Work required >> Give all of the records again precisely, excluding whatever pictures they contain.
Available data Start Marker
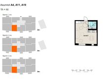 Vuokrattavia huoneistoja on laidasta laitaan, aina 27,5-neliöisistä yksiöistä 71-neliöisiin neljän huoneen koteihin. Kolmioissa, neliöissä sekä osassa kaksioita lisää tilaa tuo myös parveke.
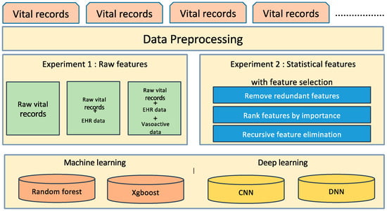 Our experiments are twofold. First, deep learning and machine learning models were built using raw data. For comparison, a predictive model is created using deep learning and machine learning models using statistical features extracted from raw data. For feature extraction, we adopt simple statistics, including min, max, mean, and standard deviation, to extract abnormal patterns. To determine the best combination of features, we perform the feature selection as well and compare the performance. Figure 3 shows the framework of developing the post-induction hypotension prediction model with comparative analysis of traditional machine learning and deep learning. We explore three datasets of raw vital records, EHR and vasoactive drug for deep learning. For deep learning, we test two models of CNN and DNN.
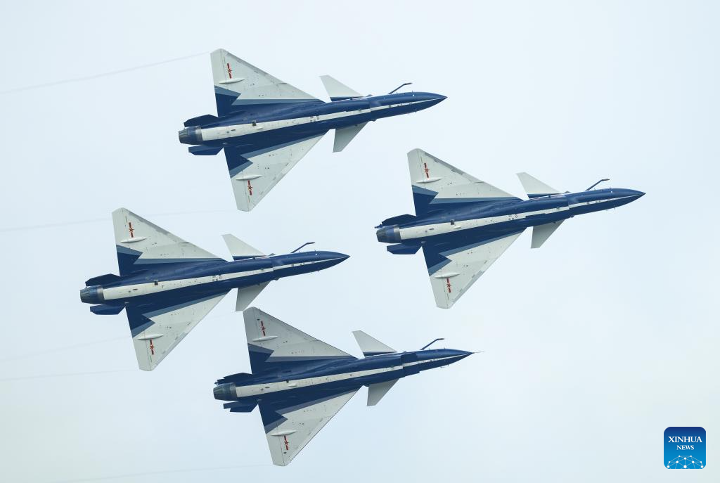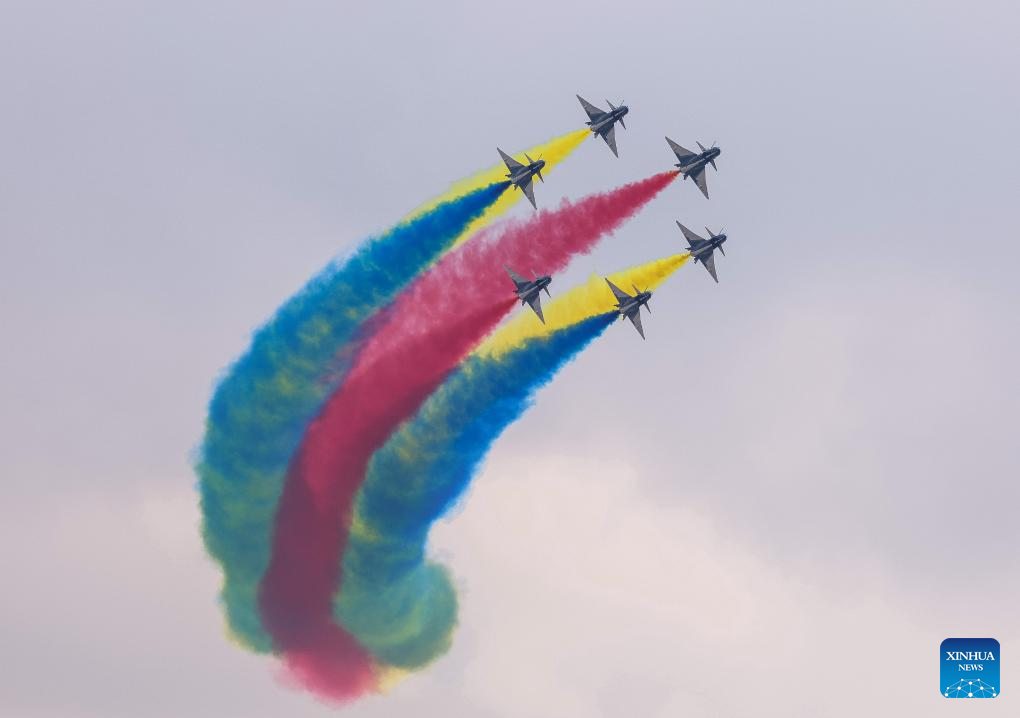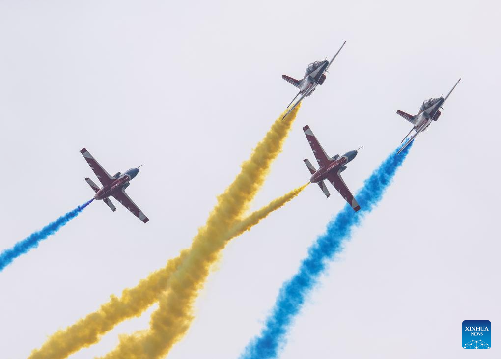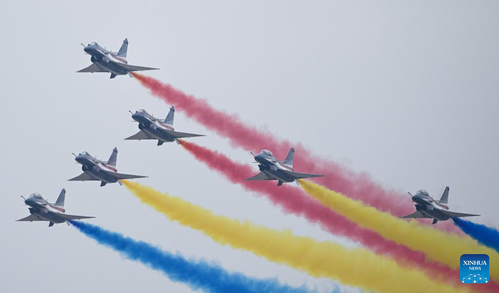 ZHUHAI, 11 noviembre, 2024 (Xinhua) -- Aviones del Equipo Acrobático Bayi de la Fuerza Aérea del Ejército Popular de Liberación de China realizan un entrenamiento de adaptación para el próximo Airshow China, en Zhuhai, en la provincia de Guangdong, en el sur de China, el 11 de noviembre de 2024. La XV Exposición Internacional Aeronáutica y Aeroespacial de China, también conocida como Airshow China, se celebrará en Zhuhai del 12 al 17 de noviembre. (Xinhua/Deng Hua)
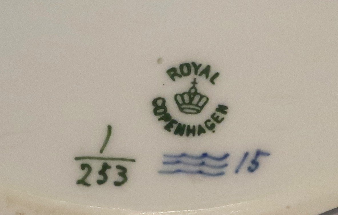 Beskrivelse: Royal Copenhagen. Musselmalet, riflet. Tekande. Model 253. Højde 13 cm. Længde 22 cm. (2 sortering). Produceret før 1923
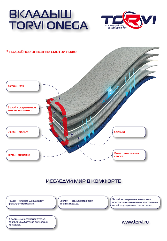 Завдяки новітнім технологіям та сучасним матеріалам Torvi Onega зберігають більшу кількість тепла, ніж звичайні чоботи, при цьому захищають ноги від промокання. Це взуття ідеальне для будь-якого часу, при цьому воно буде доречне як в місті, так і на природі. Нетривіальний дизайн підходить активним людям обох статей.
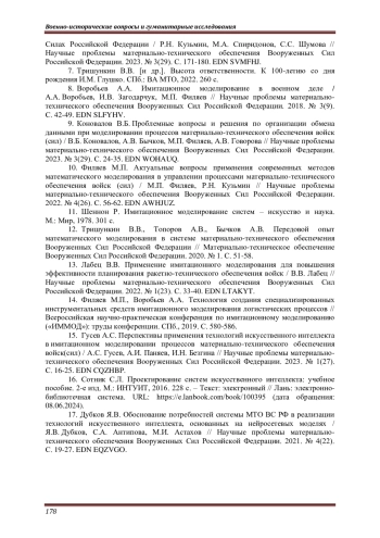 6. Кузьмин Р.Н. Исторические аспекты применения имитационного моделирования процессов материально-технического обеспечения в Вооруженных Силах Российской Федерации / Р.Н. Кузьмин, М.А. Спиридонов, С.С. Шумова // Научные проблемы материально-технического обеспечения Вооруженных Сил Российской Федерации. 2023. № 3(29). С. 171-180. EDN: SVMFHJ
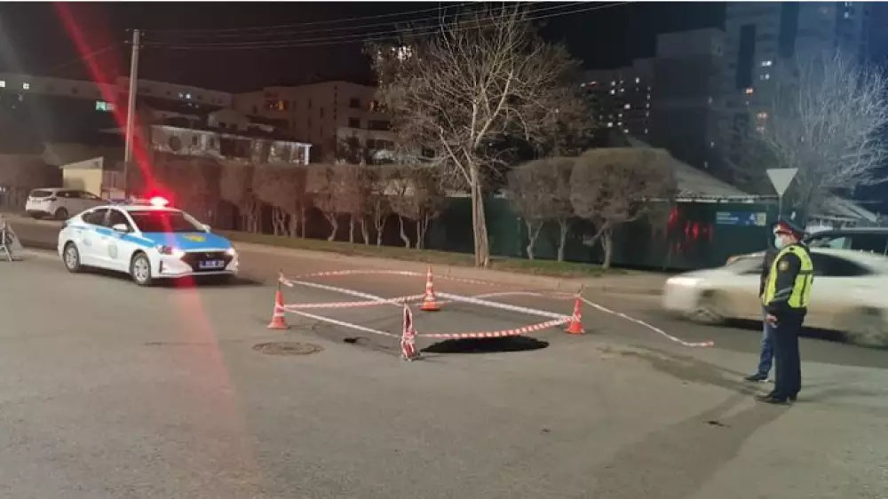Провал дорожного полотна произошел на пересечении улиц Шокана Уалиханова и Гумара Караша в Нур-Султане, передает Tengrinews.kz со ссылкой на пресс-службу столичного акимата.
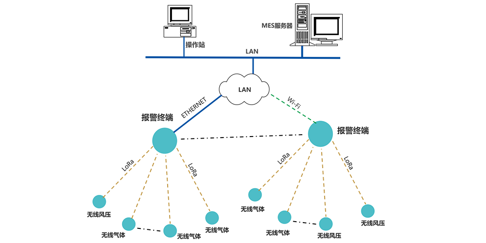 報警終端無線讀取監(jiān)測點上傳的數(shù)據(jù),進行處理、顯示、報警;并將數(shù)據(jù)通過局域網(wǎng),MQTT協(xié)議,上傳至MES。
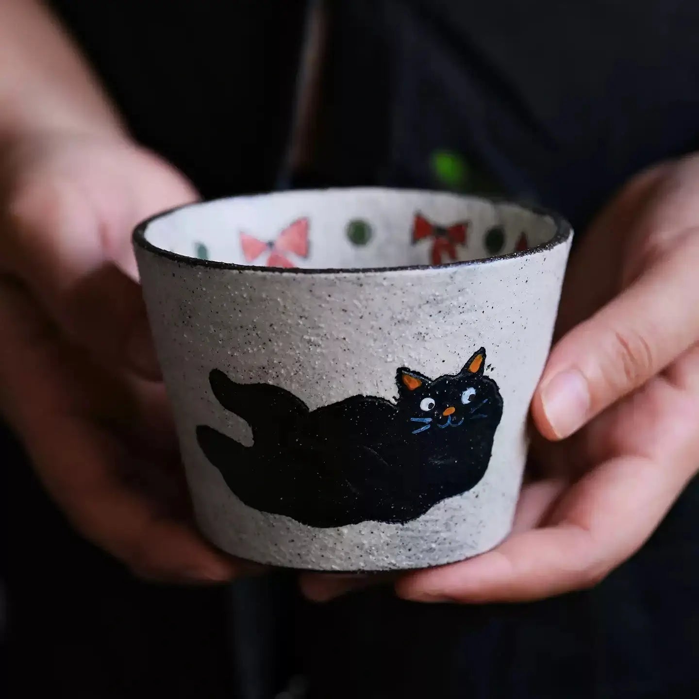 Bring home a little moment of quiet joy — a hand-thrown ceramic cup featuring a charming black cat painted in expressive, textured brushstrokes. Each cup is shaped, fired, and painted by hand, resulting in a tactile matte-sand surface and natural variations that echo true artisan pottery.
Available data End Marker
Solution to the exercise >>
 Vuokrattavia huoneistoja on laidasta laitaan, aina 27,5-neliöisistä yksiöistä 71-neliöisiin neljän huoneen koteihin. Kolmioissa, neliöissä sekä osassa kaksioita lisää tilaa tuo myös parveke.
 Our experiments are twofold. First, deep learning and machine learning models were built using raw data. For comparison, a predictive model is created using deep learning and machine learning models using statistical features extracted from raw data. For feature extraction, we adopt simple statistics, including min, max, mean, and standard deviation, to extract abnormal patterns. To determine the best combination of features, we perform the feature selection as well and compare the performance. Figure 3 shows the framework of developing the post-induction hypotension prediction model with comparative analysis of traditional machine learning and deep learning. We explore three datasets of raw vital records, EHR and vasoactive drug for deep learning. For deep learning, we test two models of CNN and DNN.
 ZHUHAI, 11 noviembre, 2024 (Xinhua) -- Aviones del Equipo Acrobático Bayi de la Fuerza Aérea del Ejército Popular de Liberación de China realizan un entrenamiento de adaptación para el próximo Airshow China, en Zhuhai, en la provincia de Guangdong, en el sur de China, el 11 de noviembre de 2024. La XV Exposición Internacional Aeronáutica y Aeroespacial de China, también conocida como Airshow China, se celebrará en Zhuhai del 12 al 17 de noviembre. (Xinhua/Deng Hua)
 Beskrivelse: Royal Copenhagen. Musselmalet, riflet. Tekande. Model 253. Højde 13 cm. Længde 22 cm. (2 sortering). Produceret før 1923
 Завдяки новітнім технологіям та сучасним матеріалам Torvi Onega зберігають більшу кількість тепла, ніж звичайні чоботи, при цьому захищають ноги від промокання. Це взуття ідеальне для будь-якого часу, при цьому воно буде доречне як в місті, так і на природі. Нетривіальний дизайн підходить активним людям обох статей.
 6. Кузьмин Р.Н. Исторические аспекты применения имитационного моделирования процессов материально-технического обеспечения в Вооруженных Силах Российской Федерации / Р.Н. Кузьмин, М.А. Спиридонов, С.С. Шумова // Научные проблемы материально-технического обеспечения Вооруженных Сил Российской Федерации. 2023. № 3(29). С. 171-180. EDN: SVMFHJ
Провал дорожного полотна произошел на пересечении улиц Шокана Уалиханова и Гумара Караша в Нур-Султане, передает Tengrinews.kz со ссылкой на пресс-службу столичного акимата.
 報警終端無線讀取監(jiān)測點上傳的數(shù)據(jù),進行處理、顯示、報警;并將數(shù)據(jù)通過局域網(wǎng),MQTT協(xié)議,上傳至MES。
 Bring home a little moment of quiet joy — a hand-thrown ceramic cup featuring a charming black cat painted in expressive, textured brushstrokes. Each cup is shaped, fired, and painted by hand, resulting in a tactile matte-sand surface and natural variations that echo true artisan pottery.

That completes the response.